### [EXERCISE]
Using the records below, give again exactly the lines from the line that contains "4、如果你已經安裝過了,則會" through the line that contains "- FLOOR: 무대와 가장 가까운 평지석 (F1, F2)", both ends included, and only those.

### [DATA FOR ANALYSIS]
--- START ---

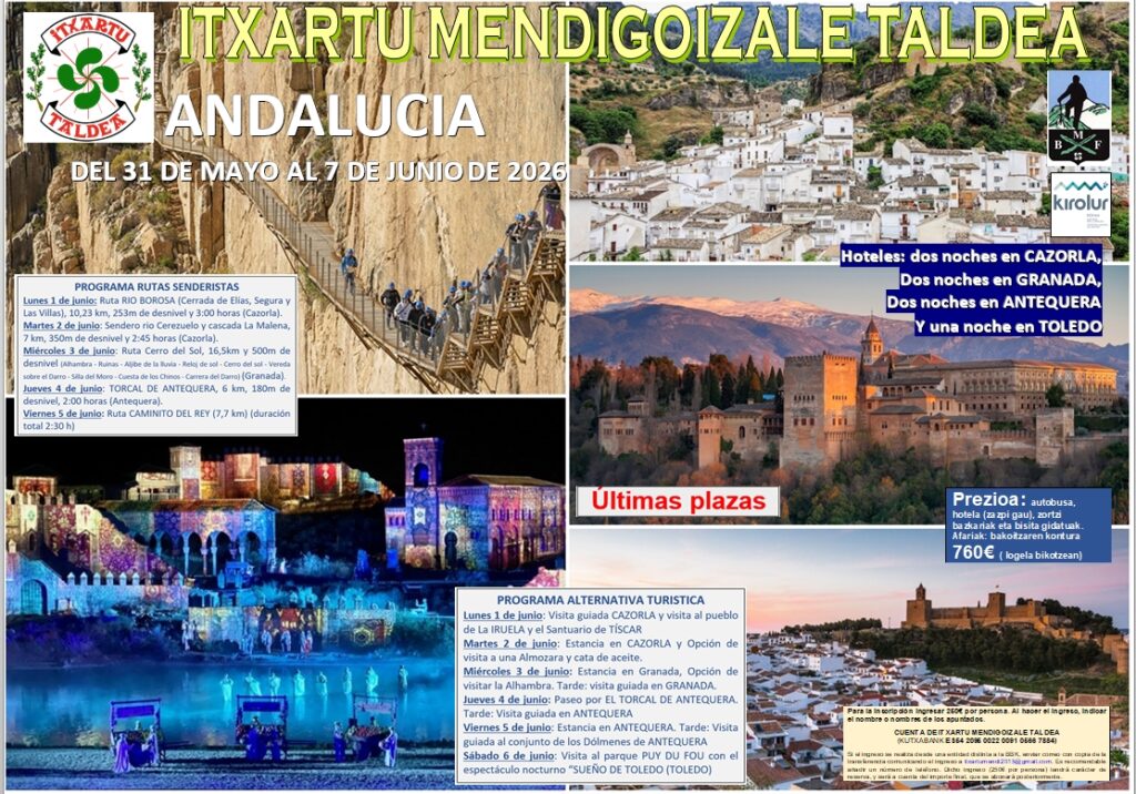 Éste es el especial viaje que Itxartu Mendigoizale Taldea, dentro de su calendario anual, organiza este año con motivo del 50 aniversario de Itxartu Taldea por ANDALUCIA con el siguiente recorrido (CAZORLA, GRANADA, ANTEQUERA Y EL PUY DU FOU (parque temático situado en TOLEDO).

--- END ---
--- START ---

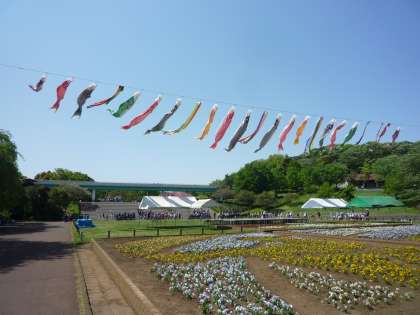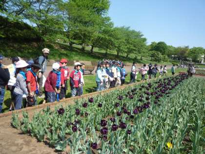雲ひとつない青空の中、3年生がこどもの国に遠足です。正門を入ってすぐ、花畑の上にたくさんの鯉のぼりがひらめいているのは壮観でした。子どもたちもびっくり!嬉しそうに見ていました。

--- END ---
--- START ---

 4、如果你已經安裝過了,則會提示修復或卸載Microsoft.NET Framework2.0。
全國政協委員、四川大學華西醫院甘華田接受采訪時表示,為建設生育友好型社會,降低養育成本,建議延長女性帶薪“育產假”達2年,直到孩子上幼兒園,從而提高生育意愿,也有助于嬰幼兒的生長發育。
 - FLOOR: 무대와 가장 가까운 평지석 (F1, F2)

--- END ---

### [ANSWER SPACE]
 4、如果你已經安裝過了,則會提示修復或卸載Microsoft.NET Framework2.0。
全國政協委員、四川大學華西醫院甘華田接受采訪時表示,為建設生育友好型社會,降低養育成本,建議延長女性帶薪“育產假”達2年,直到孩子上幼兒園,從而提高生育意愿,也有助于嬰幼兒的生長發育。
 - FLOOR: 무대와 가장 가까운 평지석 (F1, F2)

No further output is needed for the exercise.